*WHAT THE TASK REQUIRES*: Starting at the line containing "RSUD Bangil memborong" and ending at the line containing "Retro Australian ANZAC", transcribe the listing below exactly. Keep both end lines, skip the pictures, and copy nothing else.

*DATA RECORDS*:
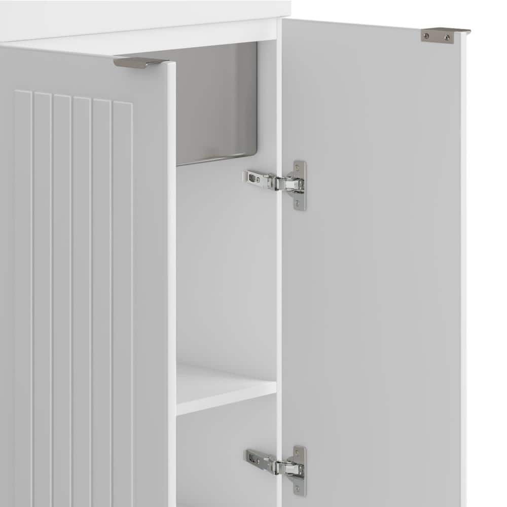 Simpli Home Murphy Transitional 24 in. wall mount Laundry sink with Cabinet Faucet and Stainless Steel Sink in White
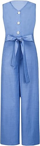 The jumpsuit features with sleeveless and v neckline, button closure in the front, easy to put on or take off, simple solid color
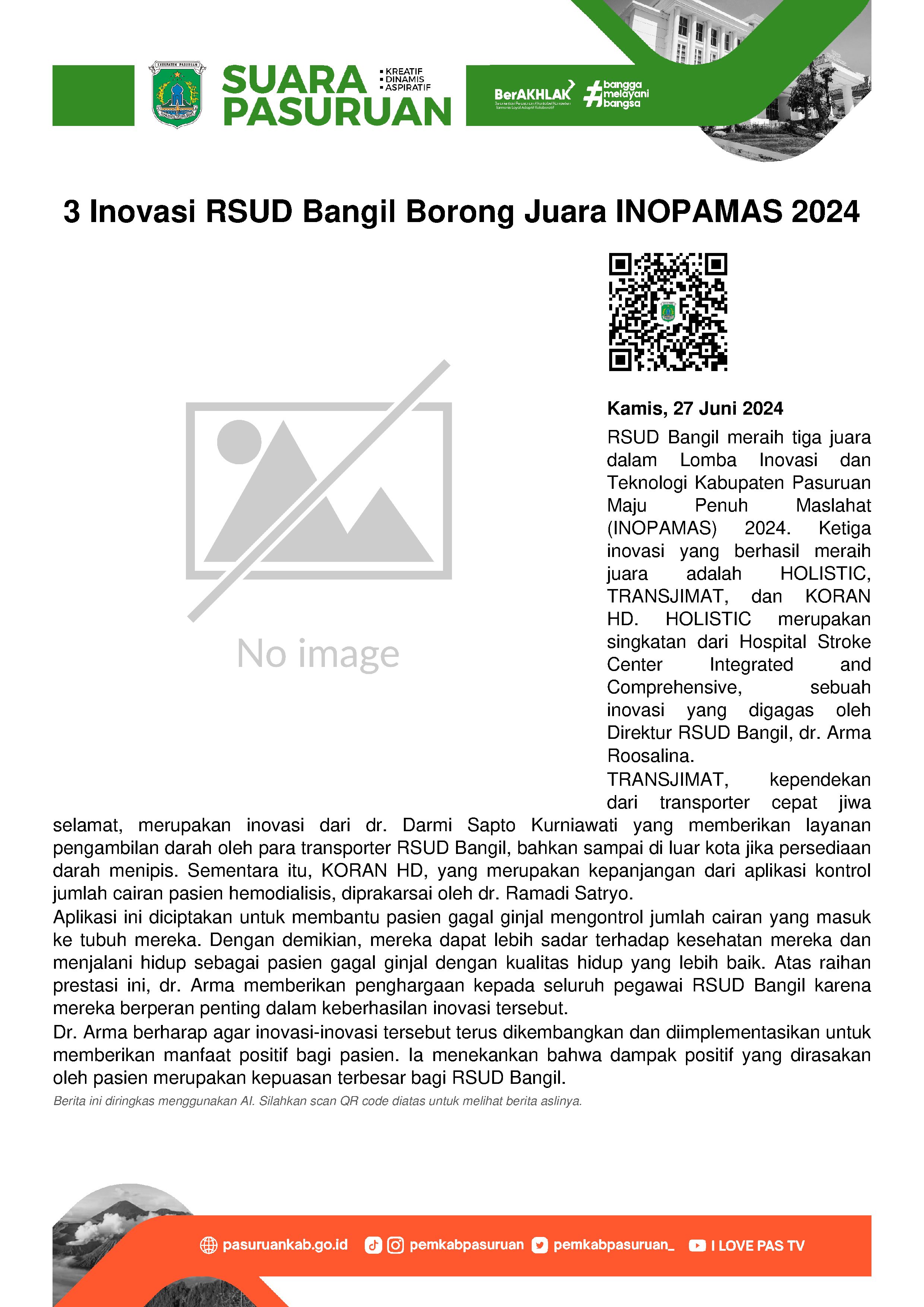 RSUD Bangil memborong juara dalam Lomba Inovasi dan Teknologi Kabupaten Pasuruan Maju Penuh Maslahat (INOPAMAS) 2024.
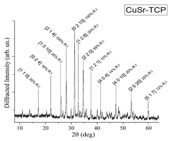 The XRD pattern of the CuSr-substituted TCP ceramic is shown in Figure 1.
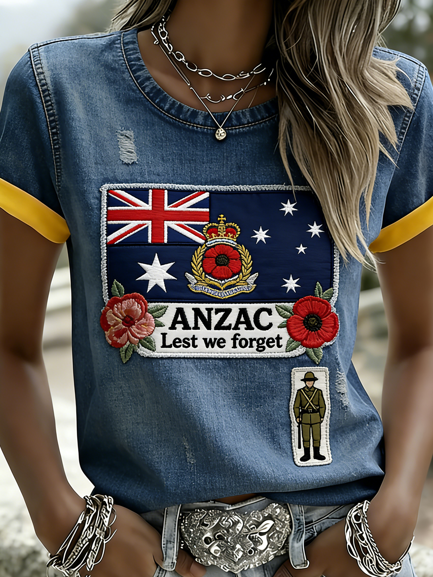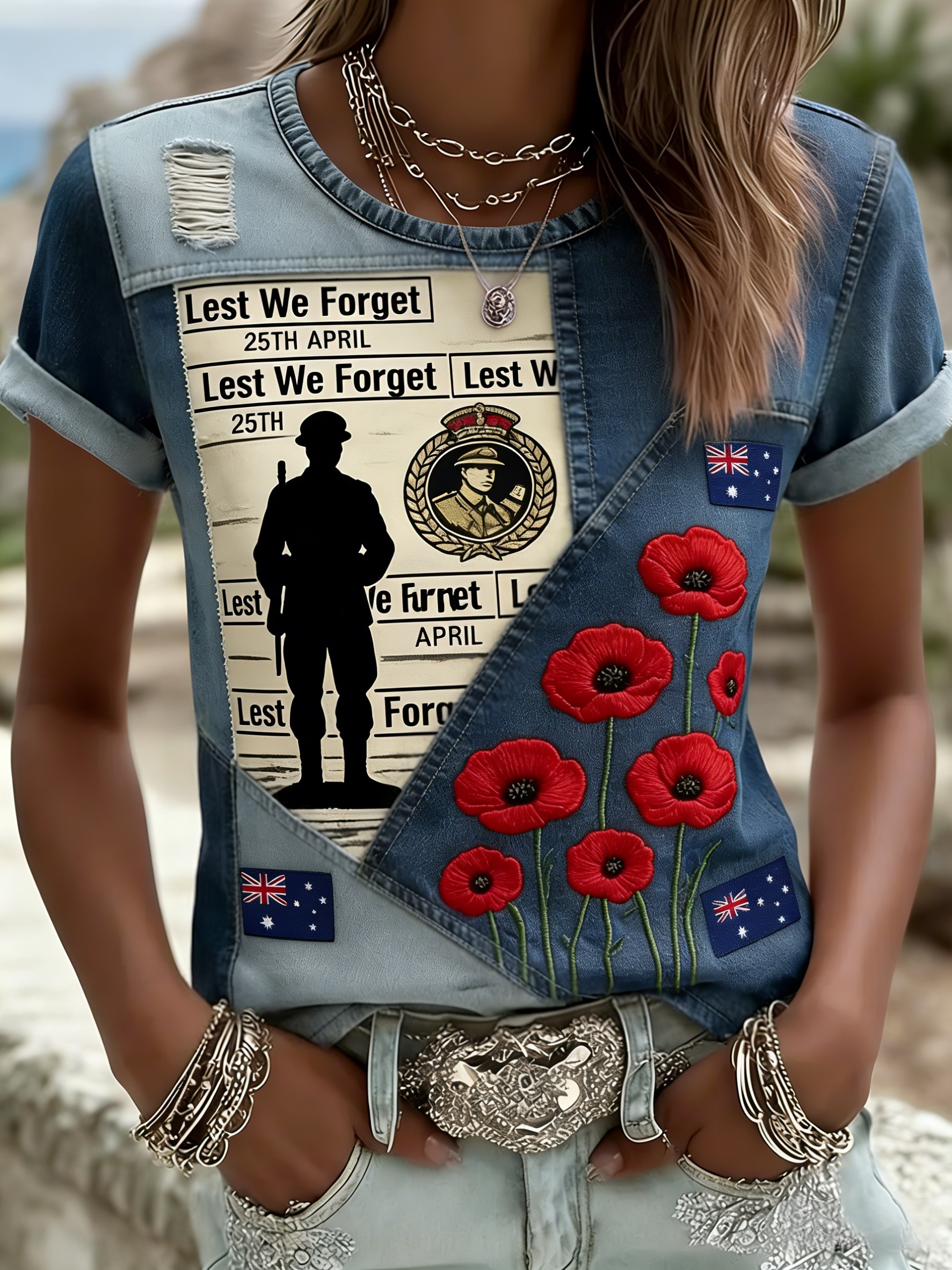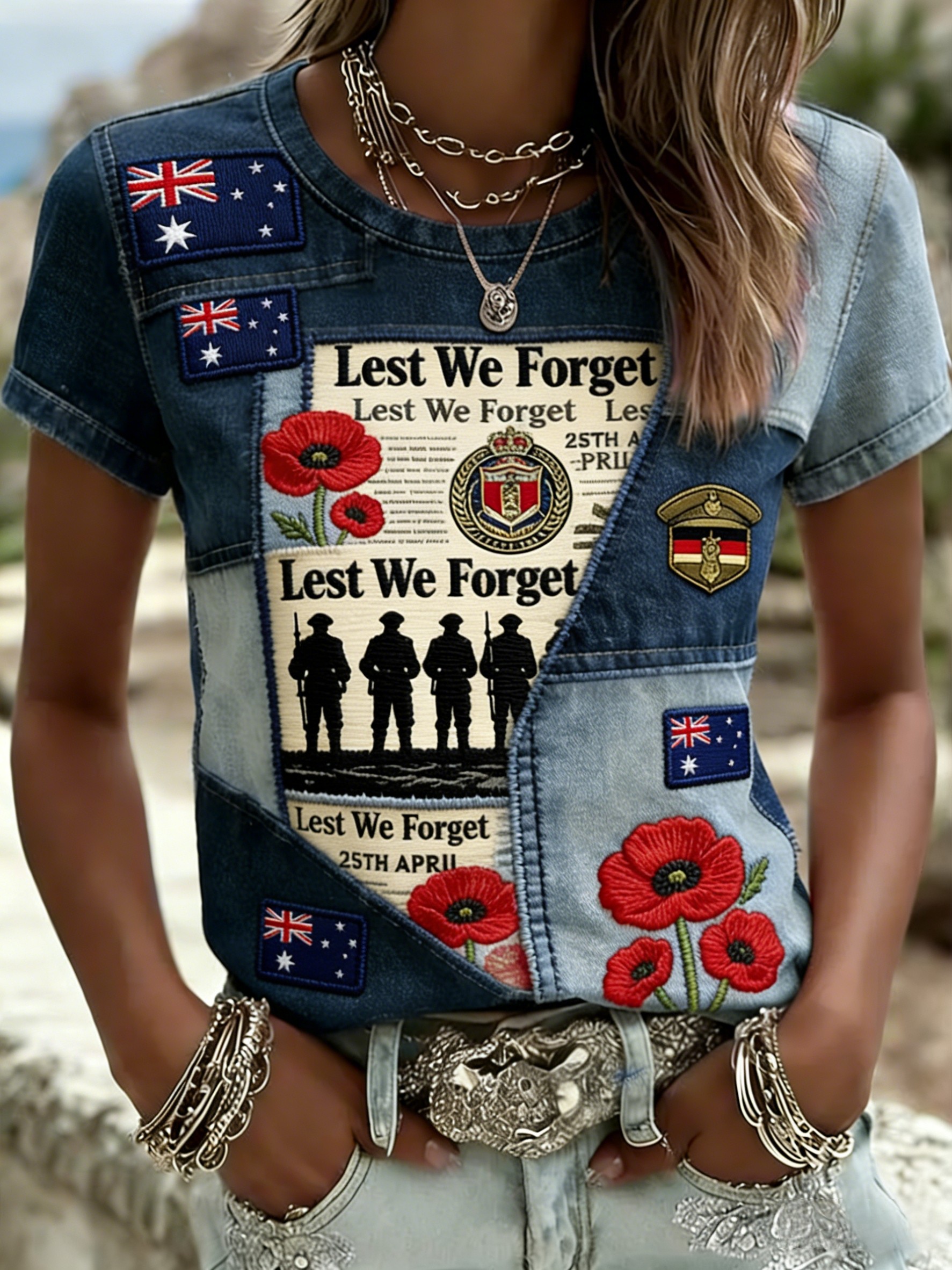 Retro Australian ANZAC Day Print Casual T-shirt
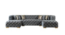 Neva Sectional embodies luxury and elegance, designed to be the focal point of any room. Fully tufted and handcrafted with meticulous attention to detail, this sectional showcases unique craftsmanship. The rich velvet fabric adds a touch of opulence, creating a sumptuous feel and a sophisticated look. Perfect for lounging in style, this sectional combines comfort and sophistication in one stunning package.
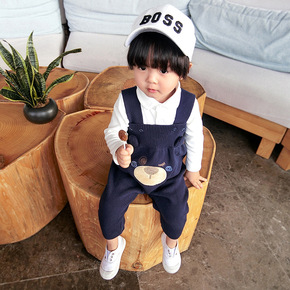 宝宝背带裤春秋长裤新款男童洋气灯芯绒连身裤小童百搭...
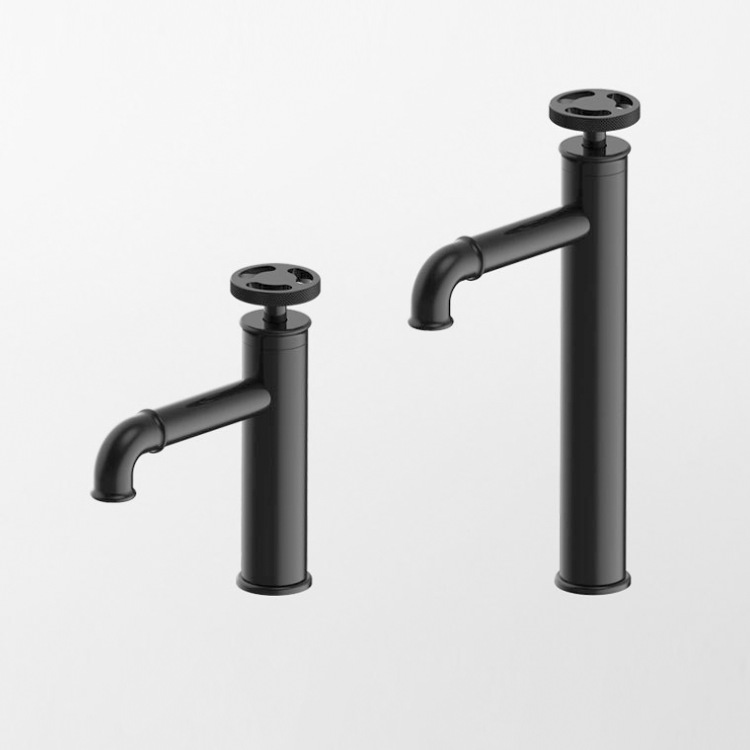 Bathroom Faucet Industrial Style Black Ancient Copper Round Handle

*ANSWER AREA*:
 RSUD Bangil memborong juara dalam Lomba Inovasi dan Teknologi Kabupaten Pasuruan Maju Penuh Maslahat (INOPAMAS) 2024.
 The XRD pattern of the CuSr-substituted TCP ceramic is shown in Figure 1.
 Retro Australian ANZAC Day Print Casual T-shirt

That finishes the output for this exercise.